Does the free enterprise system favor the rich or the poor?

Theoretically, the free enterprise system gives individuals of all economic classes the opportunity to make their best economic choices without any form of interference. This implies that the economic structure should neither penalize the poor nor help the rich.

The subject matter with regard to whether a free enterprise system is ideal has become a significant controversy both in politics and economics. In general terms, free market economies experience higher rates of economic growth alongside greater prosperity thereby improving the quality of life for both the rich and the poor.

However, many feel that free enterprise economies bring about the exploitation of the poor by the rich as highlighted in the disadvantages. Therefore, the system is often perceived to be unfair if consumer protection and a generous social safety net in terms of anti-poverty programs do not accompany it.

It depends, as with so many things. Nobody is forced to do anything in a free market, and transactions are entered into voluntarily. Economists believe that free markets, through the price mechanism, competition, and the forces of supply and demand, can most efficiently allocate goods and capital to where they are most productive.
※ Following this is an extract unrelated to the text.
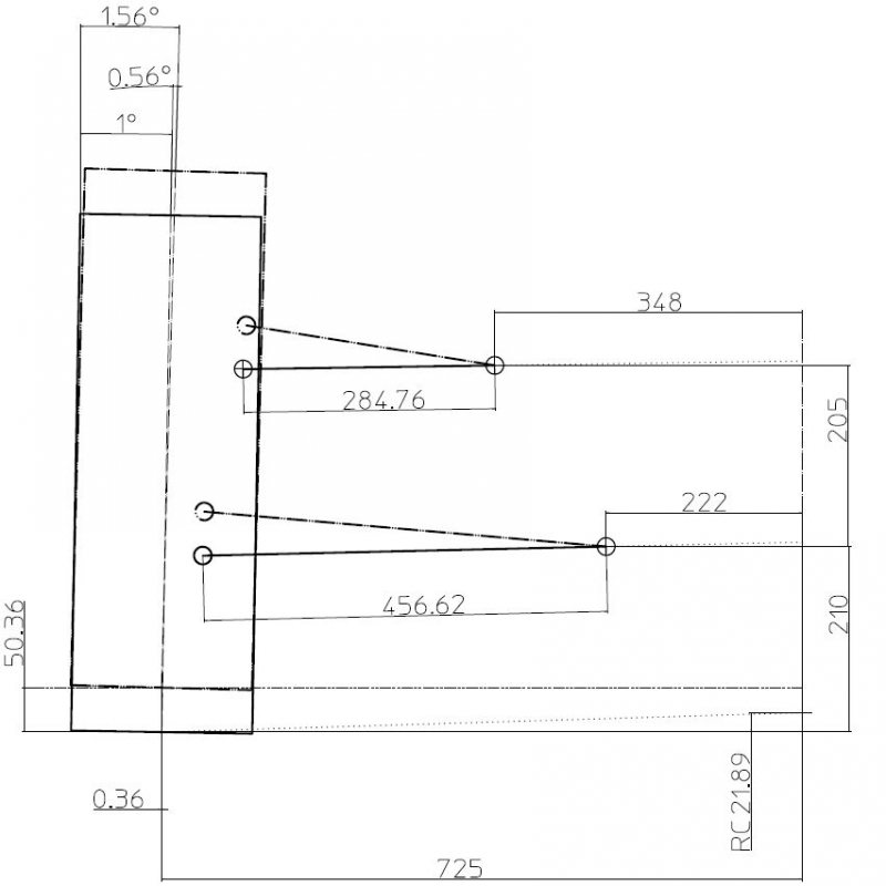 Har testat lite värden och kört simlueringar. Har lyckats få ner spårviddsförändringen rätt ordentligt (0,36). Camberförändringen med ca 50mm infjädring är 0.56 grader. Antar att jag bör ha mer för att öka trycket på yttre hjulet i kurvor? Funkar det så? Jag förstår att vilka värden jag ska ha beror på vilka vägegenskaper jag vill ha i bilen, bilen blir en liten låg bil med mittmotor och därför är en "sportig" väghållning väsentligare än terrängegenskaper. RC hänger ihop med tyngdpunkten och jag försöker få denna så låg som möjligt. Jag har inte tänkt mig att bygga in antidive eller liknande i geometrin. Drivpaketet består av, jämfört med en bilmotor, en lätt hojmotor (ca 90kg) och totalhöjden på bilen blir strax över metern, förutsättningar för låg tyngdpunkt finns alltså. Som ni ser på skissen blir det inte mycket till plats för fötter/pedaler mellan A-armarna, denna geometri tar alltså en del plats "på längden". Det funkar nog för min del, känns ok att den blir lite längre bara den går som ett "strykjärn". Hoppas på feedback på skissen jag bifogar och lite tips om ni anser geometrin verkar vettig och vad ni anser jag borde "se över".

The problem with free markets, however, is that they can lead to inequalities, especially when there is information asymmetry.

While economic theory presupposes perfect knowledge, in practice, sellers or producers typically know significantly more about what they are selling than consumers or purchasers. Furthermore, economists believe that markets have “perfect” competition among buyers and sellers, but we know that larger enterprises have greater clout in their marketplaces and that wealthy customers may bid up the cost of essentials, particularly during times of crisis.

As a result, customers are more likely to be duped, and sellers are more likely to cut shortcuts or conduct fraud. The solution to these issues is some level of government action or regulation to assure the quality of what is offered, protect customers from fraud, and maintain fair competition.